* **SUPPLIED DATA**
━━━━━━━━━━━━━━━━

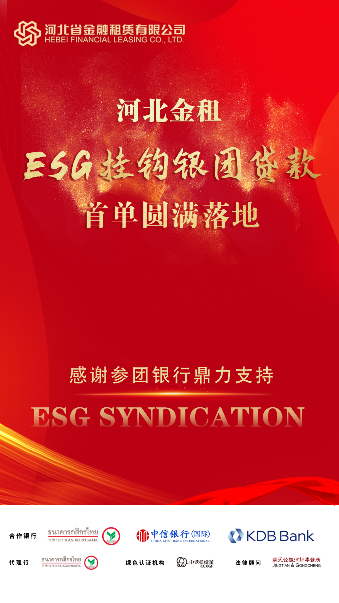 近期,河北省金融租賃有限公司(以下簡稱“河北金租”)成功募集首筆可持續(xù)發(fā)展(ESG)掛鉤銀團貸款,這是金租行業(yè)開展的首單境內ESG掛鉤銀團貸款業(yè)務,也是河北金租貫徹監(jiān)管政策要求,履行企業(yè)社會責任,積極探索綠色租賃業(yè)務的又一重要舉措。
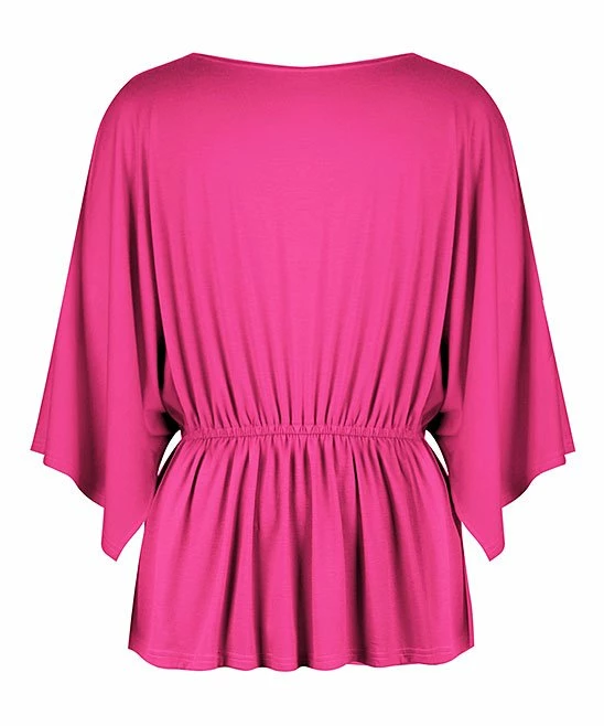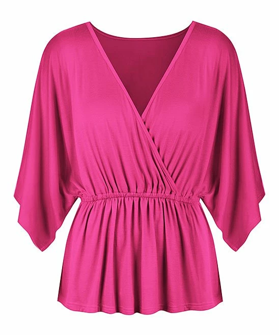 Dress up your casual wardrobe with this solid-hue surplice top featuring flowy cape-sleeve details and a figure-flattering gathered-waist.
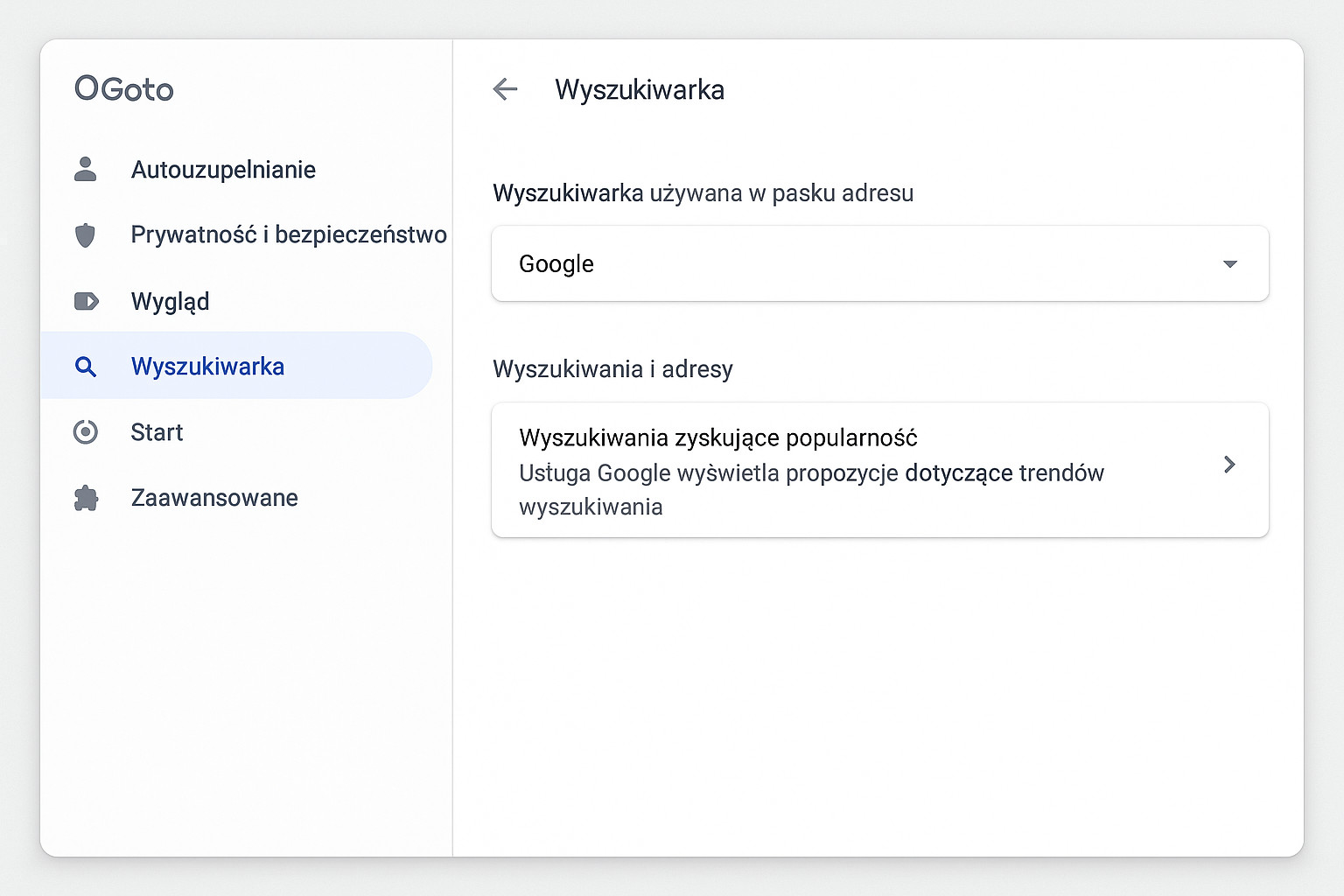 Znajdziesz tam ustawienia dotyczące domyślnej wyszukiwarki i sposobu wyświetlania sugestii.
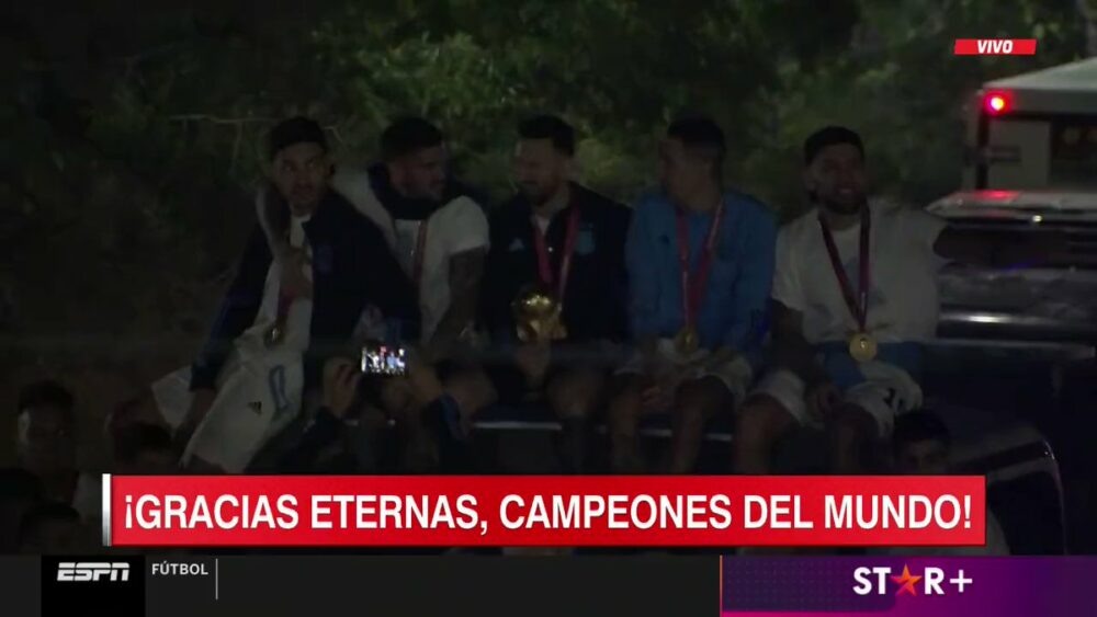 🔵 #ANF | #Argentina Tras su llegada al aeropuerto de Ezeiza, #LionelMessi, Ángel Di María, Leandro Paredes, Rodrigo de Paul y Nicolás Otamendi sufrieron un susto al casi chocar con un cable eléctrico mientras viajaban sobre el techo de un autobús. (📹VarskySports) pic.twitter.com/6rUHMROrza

━━━━━━━━━━━━━━━━

* **WORK INSTRUCTION**
The first line of the listing through the line with "Znajdziesz tam ustawienia": repeat exactly that span and nothing more, skipping pictures.

* **REPLY TO THE EXERCISE**
 近期,河北省金融租賃有限公司(以下簡稱“河北金租”)成功募集首筆可持續(xù)發(fā)展(ESG)掛鉤銀團貸款,這是金租行業(yè)開展的首單境內ESG掛鉤銀團貸款業(yè)務,也是河北金租貫徹監(jiān)管政策要求,履行企業(yè)社會責任,積極探索綠色租賃業(yè)務的又一重要舉措。
 Dress up your casual wardrobe with this solid-hue surplice top featuring flowy cape-sleeve details and a figure-flattering gathered-waist.
 Znajdziesz tam ustawienia dotyczące domyślnej wyszukiwarki i sposobu wyświetlania sugestii.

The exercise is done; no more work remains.